● **Source records**
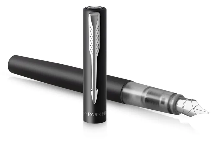 Posiada metaliczne wykończenie w satynowym czarnym kolorze uzupełnione chromowanymi wykończeniami i charakterystycznym klipsem w kształcie strzałki PARKER. Pióro wieczne Vector XL posiada dużą, trwałą stalówkę ze stali szlachetnej, która zapewnia wygodne i płynne pisanie.
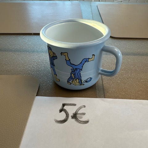 Muurlan emalinen Mörkö muki, hattivatteja toisella puolella.
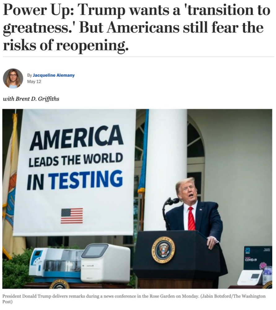 "让美国继续伟大"的口号在此刻实在不相称,你总不能夸口说,我们死亡的数字是全世界最伟大的,对吧?所以,作为市场营销大亨,特朗普最近的宣布就不太意外了。
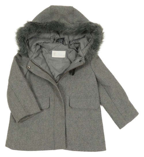 Sivý vlnený podšitý kabát s kapucňou
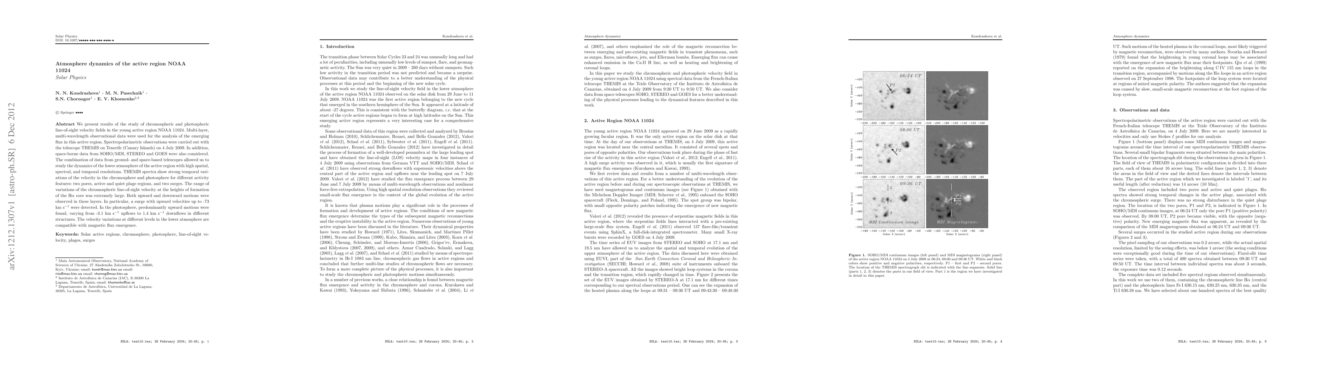 This study analyzed chromospheric and photospheric line-of-sight velocity fields in NOAA 11024 active region, finding large variations in velocity at different atmospheric heights compatible with magnetic flux emergence.
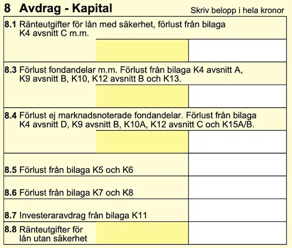 Under Avdrag - Kapital drar du också av förlust för fondandelar m m.
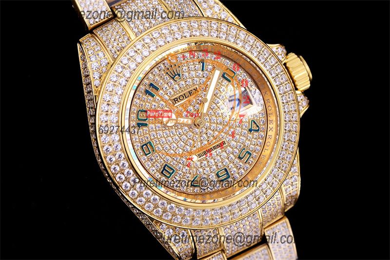 Submariner A21J Automatic Mens Watch Best Edition ZYF YG Paved Diaomond Colors Number Dial Ice Out 904L Steel Bracelet $600.00 $500.00
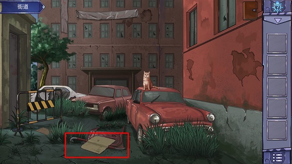5、点击所示位置的纸张以及撬棍。之后根据箭头的提示来到大楼前面。
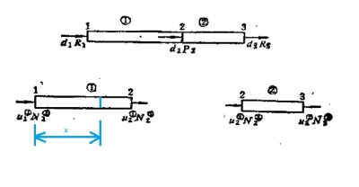 ,用這連個離散單元的組合來逼近連續體直桿,設單元編號
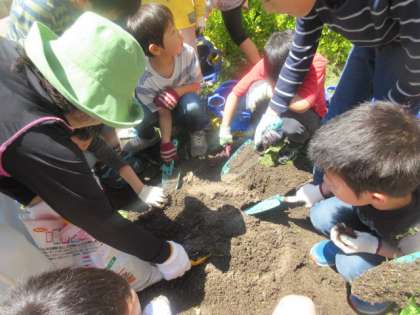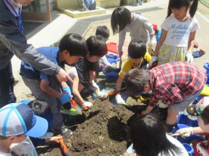 2年生も花壇の土づくりをしていました。土に肥料を混ぜ,栄養のあるよい土をつくりました。自分の植木ばちに,ミニトマトやきゅうりなどの野菜を一つ選んで植えました。
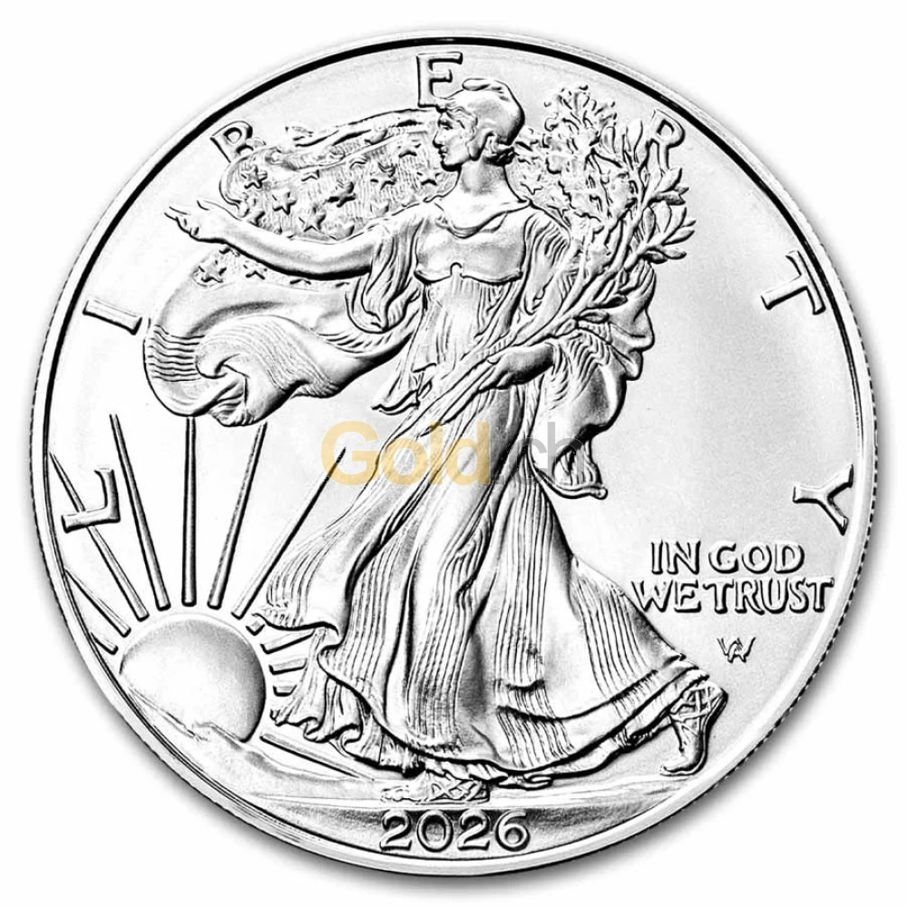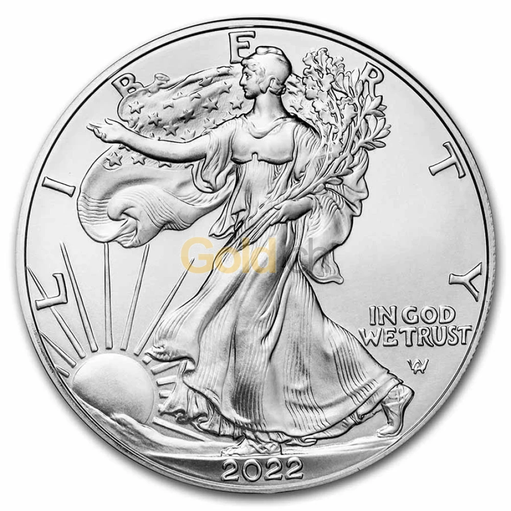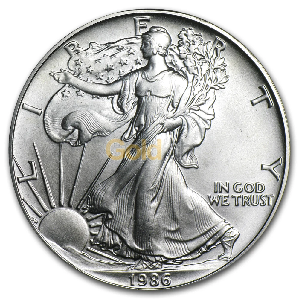 Die Silbermünze „American Silver Eagle“ zeigt auf der Vorderseite eine zum Sonnenaufgang schreitende Lady Liberty. Auf der anderen Münzseite ist ein Wappen der Vereinigten Staaten von Amerika vor einem stilisierten Weißkopfseeadler zu erkennen.

● **WHAT TO PRODUCE**
The required output is every line from the one containing "Submariner A21J Automatic" through the last line of the data above, restated exactly and without pictures.

● **TASK OUTPUT**
 Submariner A21J Automatic Mens Watch Best Edition ZYF YG Paved Diaomond Colors Number Dial Ice Out 904L Steel Bracelet $600.00 $500.00
5、点击所示位置的纸张以及撬棍。之后根据箭头的提示来到大楼前面。
 ,用這連個離散單元的組合來逼近連續體直桿,設單元編號
 2年生も花壇の土づくりをしていました。土に肥料を混ぜ,栄養のあるよい土をつくりました。自分の植木ばちに,ミニトマトやきゅうりなどの野菜を一つ選んで植えました。
 Die Silbermünze „American Silver Eagle“ zeigt auf der Vorderseite eine zum Sonnenaufgang schreitende Lady Liberty. Auf der anderen Münzseite ist ein Wappen der Vereinigten Staaten von Amerika vor einem stilisierten Weißkopfseeadler zu erkennen.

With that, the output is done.